As time went by and the steady flow of mail did not abate, more hospital personnel became curious. “Who is this kid getting all this mail?”
One day the lady from the mail room paid Jason a visit. She had to find out why this little boy needed a whole box to himself when usually one would do for an entire floor. There is no proper way to express the gratitude we felt towards all those who kept Jason so very busy opening mail. We all loved the letters that children wrote from schools. Many times we laughed until we cried. When days were otherwise rather long and sad it was wonderful to have the daily mail to look forward to.
Through reporters, Jason sent a message back to the thousands of people who were praying for his recovery. “It’s up to them to trust in God. Even if I die they should believe in Him all the while.

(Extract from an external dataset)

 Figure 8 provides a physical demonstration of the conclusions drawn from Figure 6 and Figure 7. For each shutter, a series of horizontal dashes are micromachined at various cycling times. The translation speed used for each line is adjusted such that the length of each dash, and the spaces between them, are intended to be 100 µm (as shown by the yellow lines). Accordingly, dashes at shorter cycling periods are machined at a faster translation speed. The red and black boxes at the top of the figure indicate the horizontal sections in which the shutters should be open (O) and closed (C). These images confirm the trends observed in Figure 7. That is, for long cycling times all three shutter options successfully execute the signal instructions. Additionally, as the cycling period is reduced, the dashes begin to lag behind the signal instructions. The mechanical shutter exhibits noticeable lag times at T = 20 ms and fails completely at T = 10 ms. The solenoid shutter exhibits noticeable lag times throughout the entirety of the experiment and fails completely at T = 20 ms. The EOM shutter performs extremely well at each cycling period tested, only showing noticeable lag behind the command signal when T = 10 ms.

On Monday morning, November 4th, MaryEllen was admitted to The City of Hope. She was in the pediatrics building rather than where Jason was. At 7:30 A.M. on Tuesday she was taken to the operating room. While we waited in the corridor just outside the O.R. we played with her and held her. Mom Vitale had come in to see her before she went in to surgery. When the time came for her to be wheeled away she hardly whimpered. It was a very strange feeling, walking away and leaving our baby there. I would be glad when 10:00 came and she was all finished. Thinking about her being placed under anesthesia while needles extracted precious bone marrow from her tiny hips gave me chills. She was so little! Yet, when it was over, she was fine. At first she cried and thrashed around. She was so hungry that she became angry. Since she had not eaten since the night before — her frustration was understandable. After a bottle of apple juice she fell asleep.

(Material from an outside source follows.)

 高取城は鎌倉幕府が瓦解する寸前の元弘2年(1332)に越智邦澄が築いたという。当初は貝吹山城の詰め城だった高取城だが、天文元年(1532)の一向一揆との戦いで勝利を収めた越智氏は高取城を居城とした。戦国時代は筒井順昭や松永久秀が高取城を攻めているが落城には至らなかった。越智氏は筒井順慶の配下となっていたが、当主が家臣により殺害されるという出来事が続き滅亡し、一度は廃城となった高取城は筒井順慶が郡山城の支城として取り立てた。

When she awoke she was MaryEllen again, crawling down the hall and as happy as could be. A passerby would never guess she had been in surgery. Oh, there were bandages on her hips to cover more than 30 holes, and bandages on her little feet. One foot had held the I.V. while the other accepted the blood transfusion. Wes had given blood specifically for her on the day before. It would replace the 250 cc’s she lost while giving the marrow. This represented 1/3 of her total bone marrow. After being filtered to remove fat and bone particles, the marrow would be given to Jason through the catheter in his chest. It is amazing to realize that this marrow would find its way to the bones on its own. What a marvelous machine the human body is! Once inside Jason’s bones it would rapidly reproduce to replace his own marrow, which had been obliterated by the radiation and chemotherapy. Another amazing fact was that Jason would then have MaryEllen’s blood type. Although their match was perfect, their blood types were different. His was 0 positive and hers was A positive. A staggering amount of research must have gone into this procedure. When we hear the Leukemia Society discussing the great need for research we now understand what this means. We feel very privileged to have been the recipients of such a tremendous effort.